Phototunable Cloud Point Temperatures Stemming from Cyclic Topology: Synthesis and Thermal Phase Transition Behavior of Cyclic Poly(N‐acryloylsarcosine methyl ester)

Cyclic polymers possess distinct properties compared with their linear counterparts, such as smaller hydrodynamic volume, lower viscosity, and higher glass‐transition temperature, etc. To explore the impact of the cyclic topology on the thermo‐induced phase transition behavior of poly(N‐acryloylsarcosine methyl ester) (PNASME), the anthracene‐terminated telechelic PNASMEs are synthesized by reversible addition‐fragmentation chain transfer (RAFT) polymerization of monomer NASME using a bifunctional chain transfer agent (CTA) with two anthryl groups.
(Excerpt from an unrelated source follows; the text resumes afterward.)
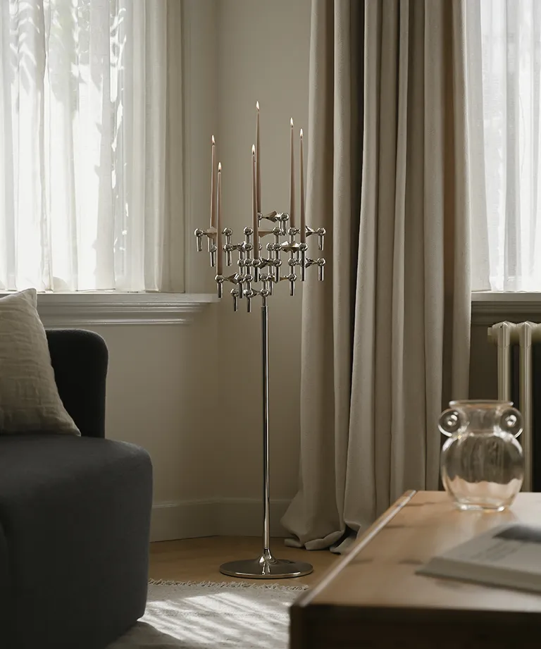 Discover sophisticated ways to display your Stoff Nagel collection by transforming the candle holder into an elegant floor sculpture. The floor stand can be styled with either the classic Stoff Nagel candle holder or the renowned BMF candle holder, allowing you to create a personalised sculptural arrangement.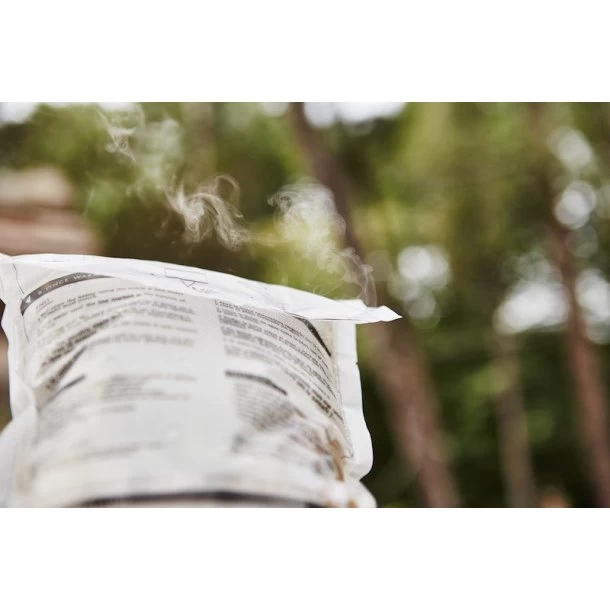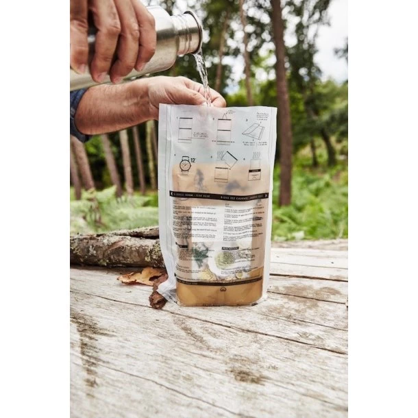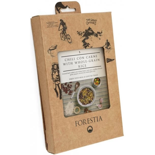 Lækker chili con carne ret serveret med fuldkornsris. Nem og hurtig at tilberede ude i naturen. Tilsæt blot koldt vand, og den medfølgende varmepose sørger for at tilberede din mad, så du hverken behøver potter, pander eller åben ild. Det er en nem og praktisk løsning til outdoorentusiasten, så du let kan spise en dejlig, varm ret under åben himmel.

Subsequently, cyclic PNASMEs are prepared via UV‐induced cyclization under 365 nm UV. There are considerable increases (up to 50 °C) for the cloud point temperatures (Tcps) of cyclic PNASMEs compared with the linear counterparts. In view of the increment, the Tcp of PNASME is tuned by varying the cyclic/linear ratio (the molar ratio between cyclic PNASME and linear PNASME in the product) with different irradiation time. Thermoresponsive cyclic poly(N‐acryloylsarcosine methyl ester) (PNASME) is synthesized by reversible addition‐fragmentation chain transfer (RAFT) polymerization and UV‐induced cyclization. It is found that the Tcp of the cyclic PNASME is much higher than its corresponding linear counterpart. Encouraged by this fact, the Tcp of PNASME is easily and efficiently tuned in a wide range of temperature (32.3–80.9 °C) by changing the cyclic/linear ratios.